» **WHAT IS EXPECTED**:
In the entries below, find the line with "7月12日,演员在内蒙古呼伦" and the line with "3 2がしっかりと液状になっ"; copy them and every line between them exactly, but not the pictures.

» **DATASET EXCERPTS**:
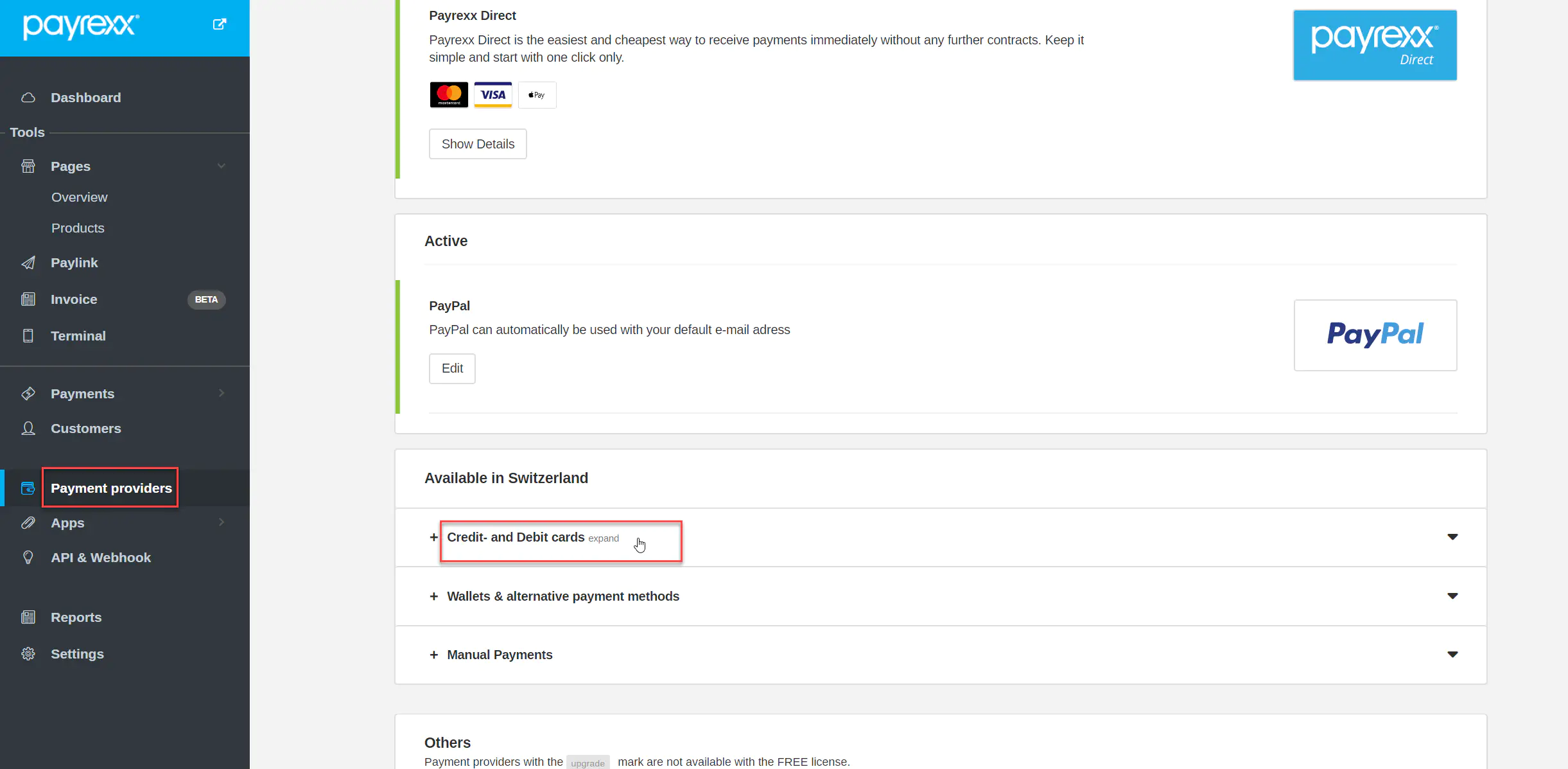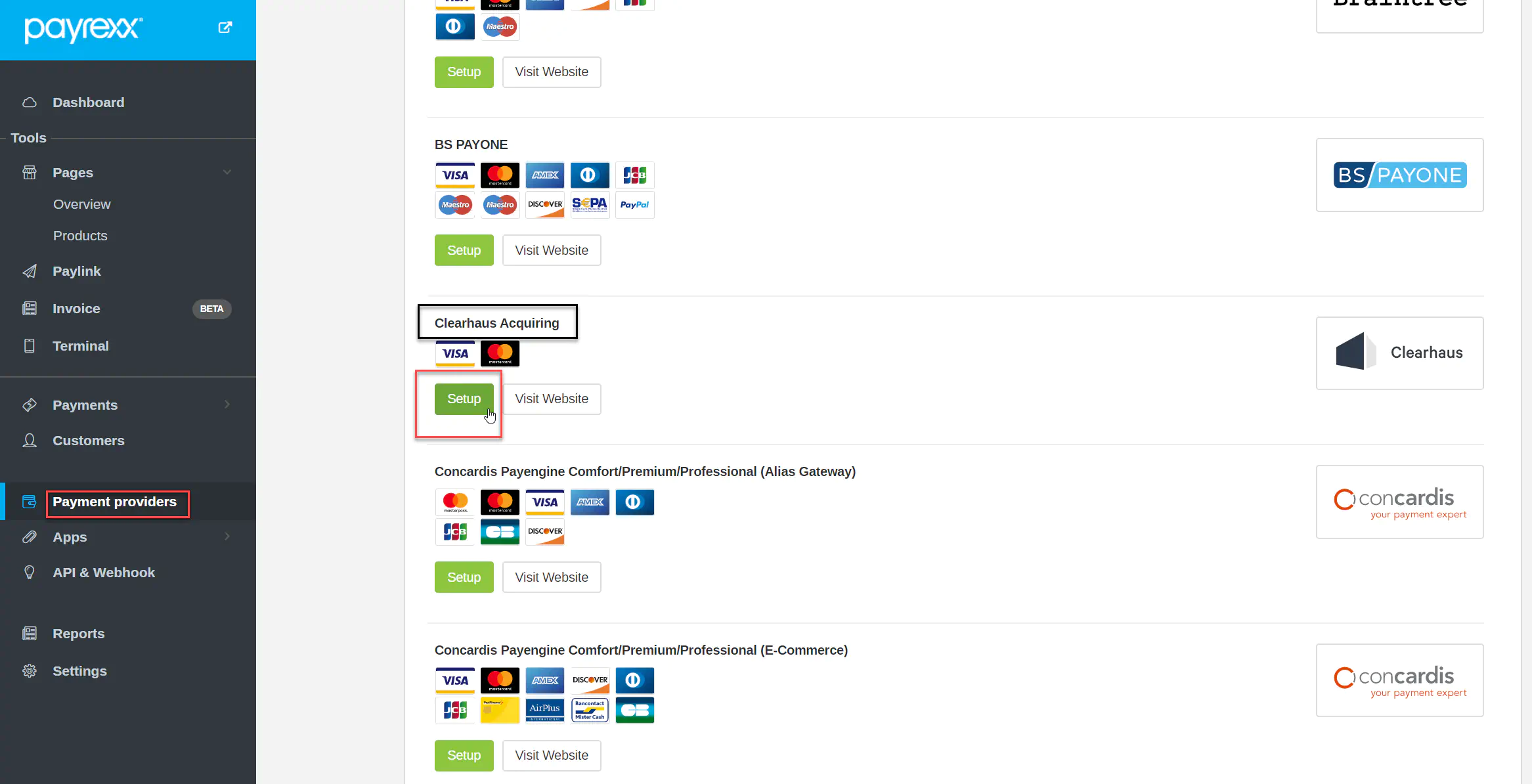 - In your Payrexx Backend navigate to: “Payment providers > Credit- and Debit cards > Clearhaus Acquiring > Setup”
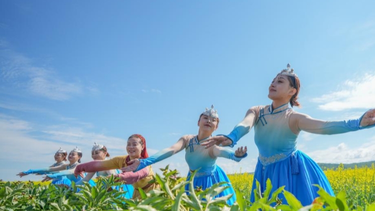 7月12日,演员在内蒙古呼伦贝尔市额尔古纳市蒙兀室韦苏木奥洛契庄园的油菜花海中表演节目。
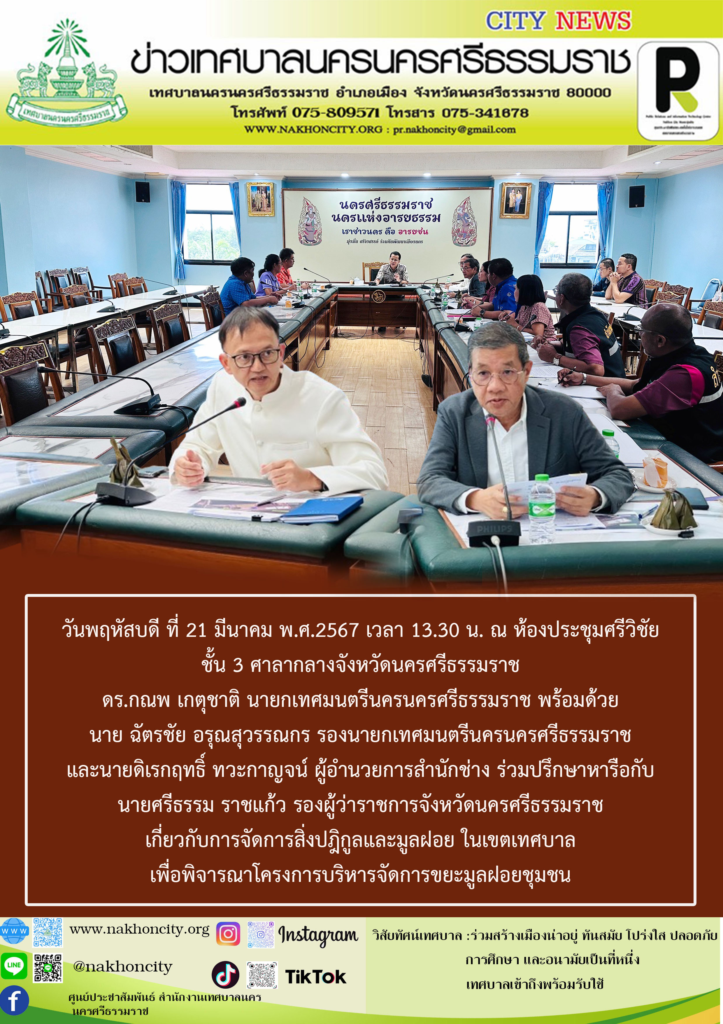 ดร.กณพ เกตุชาติ นายกเทศมนตรีนครนครศรีธรรมราช ร่วมปรึกษาหารือกับนายศรีธรรม ราชแก้ว รองผู้ว่าราชการจังหวัดนครศรีธรรมราช เกี่ยวกับการจัดการสิ่งปฎิกูลและมูลฝอย ในเขตเทศบาล |
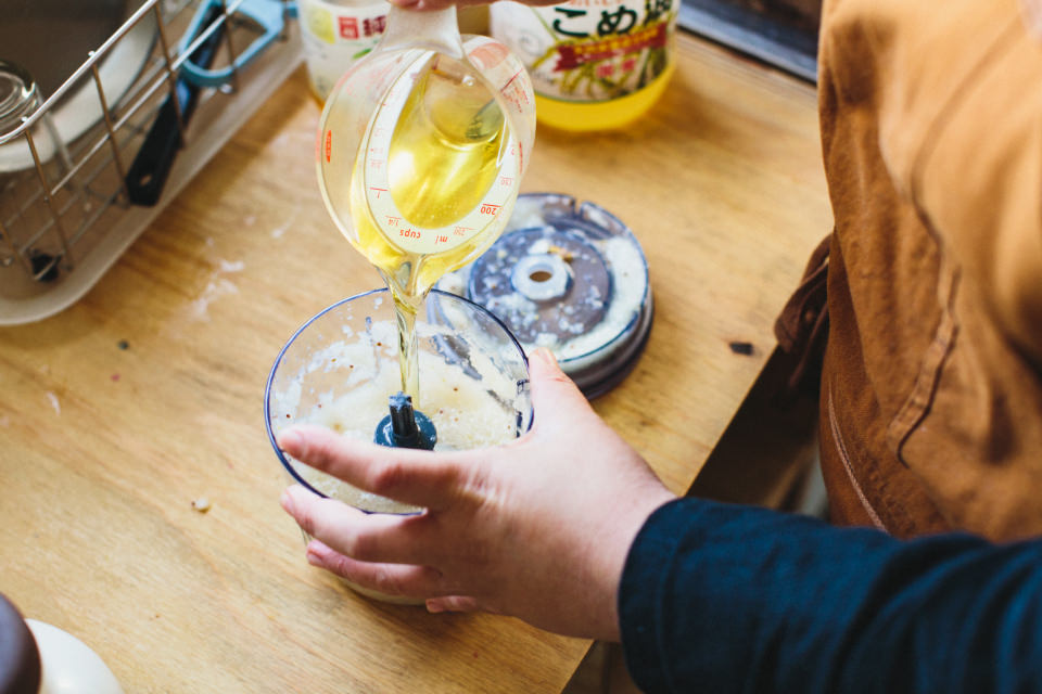 3 2がしっかりと液状になったところに、米油を少量ずつ3回に分けて加え、都度撹拌してしっかりと乳化させる
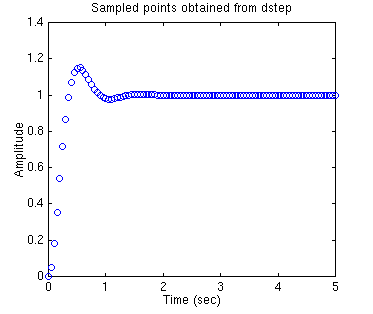 To plot a step response of a discrete system, we will use two separate Matlab functions, dstep and stairs. The dstep will be used to obtain N number of output sample points, where N is supplied by an user. The stairs plots a stairstep graph of supplied vectors, namely the time vector [t] and the amplitude vector [x].
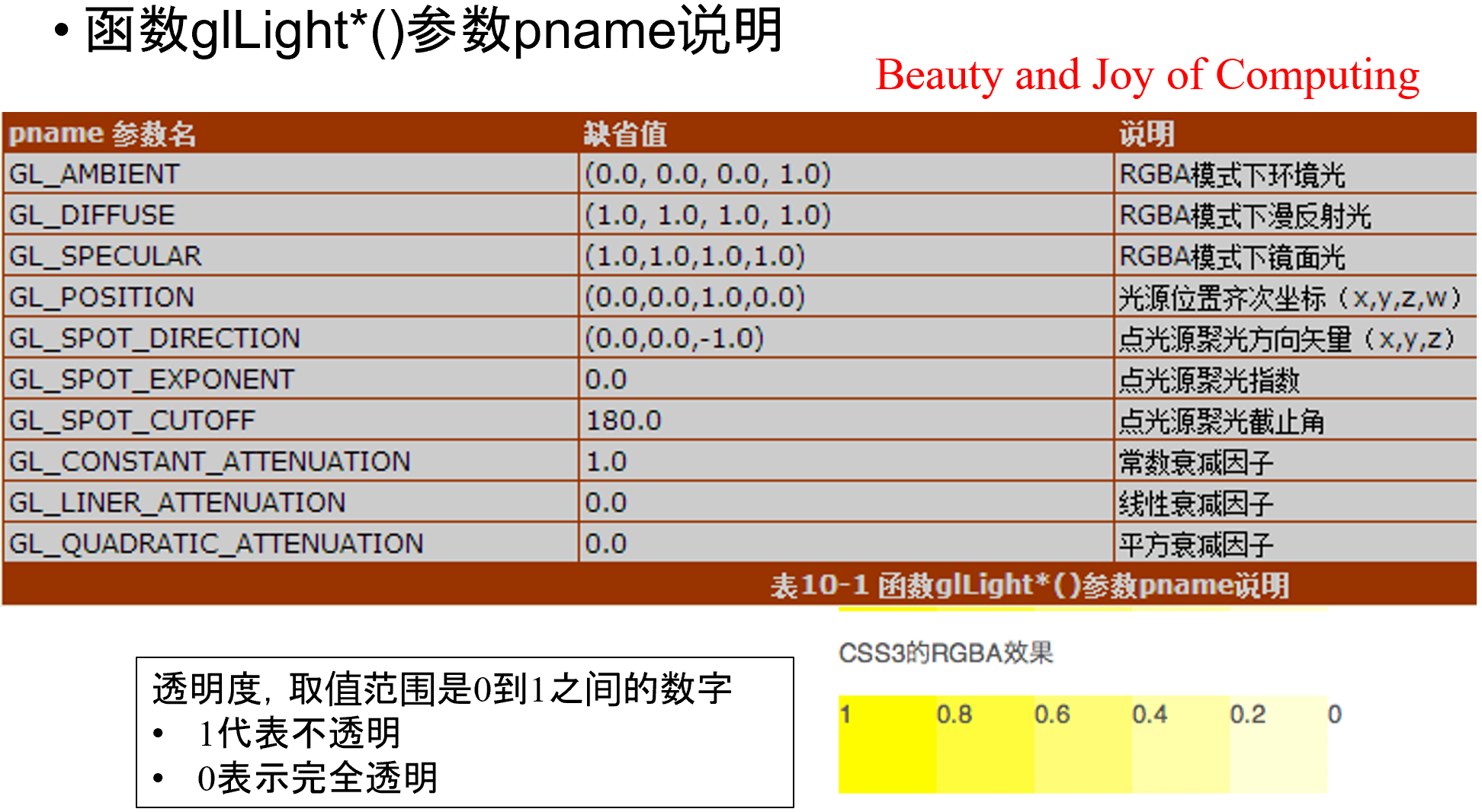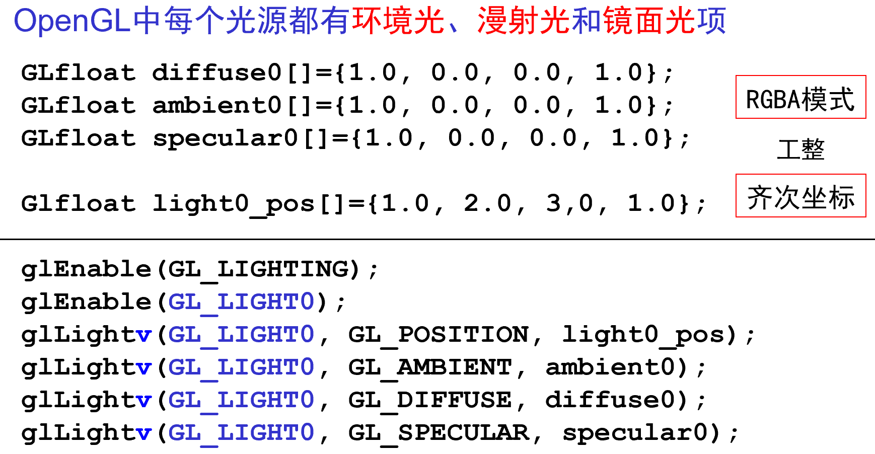5、明暗处理计算由下述命令启用glEnable(GL_LIGHTING),如果光照被激活,glColor()命令将被忽略。此外,还必须单独激活每个光源,最多同时使用八个光源(GL_LIGHT0, GL_LIGHT1, ... , or GL_LIGHT7):

» **ANSWER TO THE PROBLEM**:
 7月12日,演员在内蒙古呼伦贝尔市额尔古纳市蒙兀室韦苏木奥洛契庄园的油菜花海中表演节目。
 ดร.กณพ เกตุชาติ นายกเทศมนตรีนครนครศรีธรรมราช ร่วมปรึกษาหารือกับนายศรีธรรม ราชแก้ว รองผู้ว่าราชการจังหวัดนครศรีธรรมราช เกี่ยวกับการจัดการสิ่งปฎิกูลและมูลฝอย ในเขตเทศบาล |
 3 2がしっかりと液状になったところに、米油を少量ずつ3回に分けて加え、都度撹拌してしっかりと乳化させる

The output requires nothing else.